A randomised trial of sirolimus- versus paclitaxel-coated balloons for de novo coronary lesions
- PMID: 39492703
- PMCID: PMC11522860
- DOI: 10.4244/EIJ-D-23-00868
A randomised trial of sirolimus- versus paclitaxel-coated balloons for de novo coronary lesions
Abstract
Background: Paclitaxel-coated balloons (PCB) are a viable alternative to drug-eluting stents in the treatment of de novo coronary lesions. Whether sirolimus represents an alternative to paclitaxel for drug-coated balloons remains elusive.
Aims: This randomised, controlled, multicentre, non-inferiority trial investigated a novel sirolimus-coated balloon (SCB) with a crystalline coating versus a PCB in de novo coronary lesions.

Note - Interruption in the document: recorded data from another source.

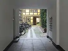 The building fronting the street is four storeys tall and six bays wide. The plastered facade is finished with shadow koints on the ground floor, a cornice band between the second and third floor and a cornice below the roof. The first and second floor windows are topped by plastered hood moulds. The slate-clad roof features four dormer windows towards the street and three dormer windows towards the yard. An arched gateway in the left-hand side of the ground floor affords access to the courtyard as well as to the three upper floors of the front wing.[23]
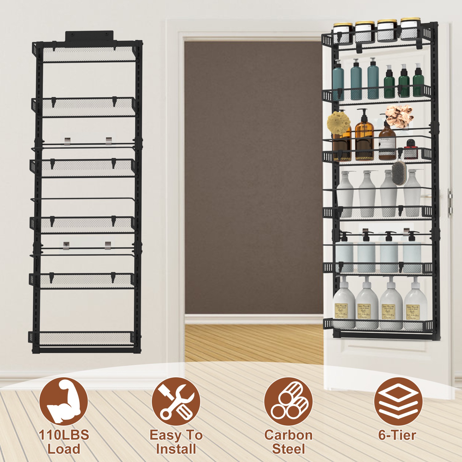 Home > Over The Door Pantry Organizer 6-Tier Pantry Door Organizer Carbon Steel 110LBS Loading Easy Install Behind Door Storage For Closet Kitchen Bathroom 5
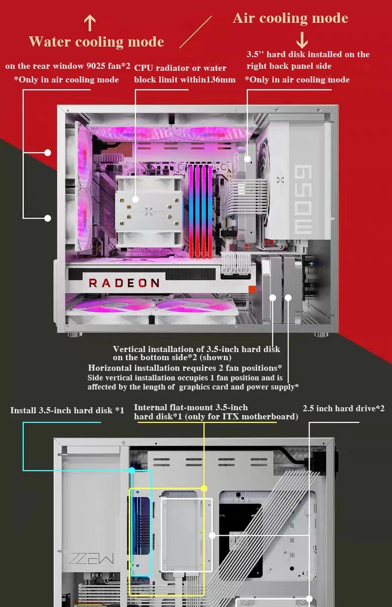Жесткий диск: Задняя часть линейная плата может быть установлен боковой или в горизонтальном положении (для Материнские itx-платы) 3,5 дюймовых жестких дисков * 1 нижней части поддерживает горизонтальной или вертикальной установки 3,5 дюймовый жесткий drivesThe 3,5-дюймовый жесткий диск Установленной в нижней части должен быть организованы в соответствии с пространство allowanceThe задняя панель поддерживает 3,5 дюйма * 1 + 2,5 дюйма * 2 жестких дисков в воздушное охлаждение modeThe задняя панель поддерживает 2,5 дюйма * 2 жестких диска в режиме водяного охлаждения

Methods: To compare a novel SCB with a clinically proven PCB, 70 patients with de novo coronary lesions were enrolled at 4 centres in Germany and Switzerland. The primary endpoint was non-inferiority regarding angiographic late lumen loss (LLL) at 6 months, with a predefined margin of δ=0.35 mm. Secondary endpoints included procedural success, major adverse cardiac events, and individual clinical endpoints.
Results: Quantitative coronary angiography revealed no differences in baseline parameters. At 6 months, in-segment LLL was 0.04±0.39 mm in the PCB group versus 0.11±0.37 mm in the SCB group (non-significant), respectively. The mean difference between SCB and PCB was 0.07 mm (95% confidence interval: -0.12 to 0.26). Non-inferiority at the predefined margin of 0.35 was shown. Clinical event rates up to 12 months were not different between the groups (3 target lesion revascularisations in the PCB group versus 2 in the SCB group, no myocardial infarctions, no deaths).

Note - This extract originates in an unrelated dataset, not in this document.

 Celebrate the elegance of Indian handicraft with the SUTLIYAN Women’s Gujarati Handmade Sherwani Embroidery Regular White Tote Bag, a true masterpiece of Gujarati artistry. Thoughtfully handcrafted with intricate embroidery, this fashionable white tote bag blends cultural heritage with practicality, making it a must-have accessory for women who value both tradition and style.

Conclusions: The novel SCB showed similar angiographic outcomes in the treatment of de novo coronary disease as compared with a clinically proven PCB (ClinicalTrials.gov: NCT03908450).

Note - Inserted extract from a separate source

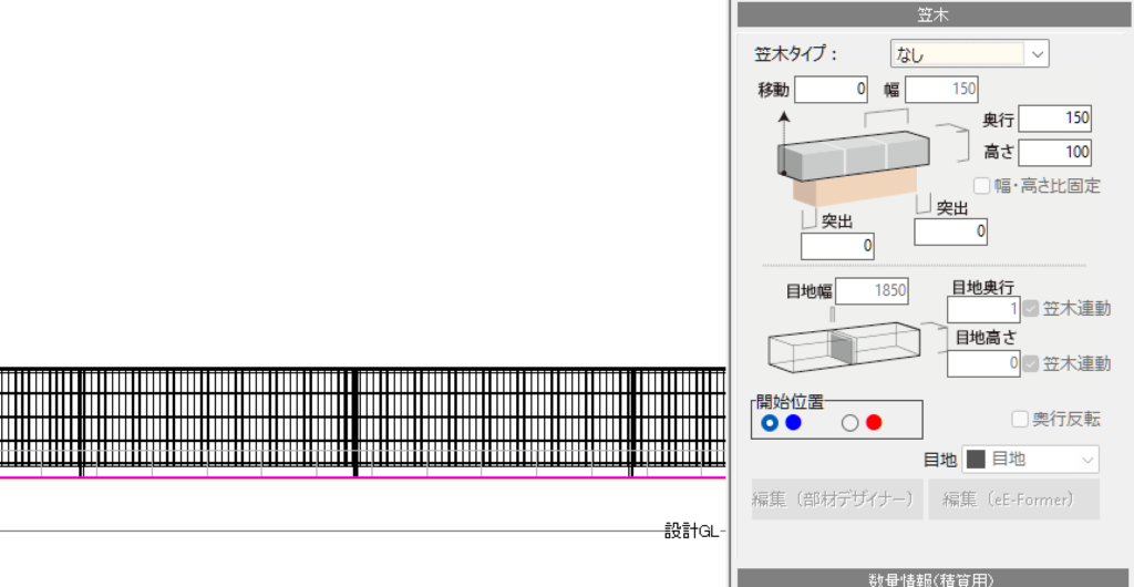 独立基礎をクリックすると、右側に「笠木」というメニューが表示されます。

Conflict of interest statement
B. Scheller is a shareholder of InnoRa GmbH. N. Mangner has received personal fees from Edwards Lifesciences, Medtronic, Biotronik, Novartis, Sanofi Genzyme, AstraZeneca, Pfizer, Bayer, Abbott, Abiomed, and Boston Scientific, outside the submitted work. C. Schwenke is a consultant for InnoRa GmbH, on an honorary basis. R.V. Jeger received grants to the institution from Abbott, Amgen, AstraZeneca, Bayer, Biosense Webster, Biotronik, Boston Scientific, Bristol-Myers Squibb, Cardionovum, Cordis, Daiichi Sankyo, Edwards Lifesciences, GE HealthCare, MCM Medsys, Medtronic, Novartis, Pfizer, Terumo, and Vascular Medical GmbH. F. Mahfoud is supported by Deutsche Gesellschaft für Kardiologie (DGK), Deutsche Forschungsgemeinschaft (SFB TRR219, Project-ID 322900939), and Deutsche Herzstiftung; he has received scientific support from Ablative Solutions, Medtronic, and ReCor Medical; and speaker honoraria/consulting fees from Ablative Solutions, Amgen, AstraZeneca, Bayer, Boehringer Ingelheim, Inari, Medtronic, Merck, ReCor Medical, Servier, and Terumo. The other authors have no conflicts of interest to declare with regard to this study.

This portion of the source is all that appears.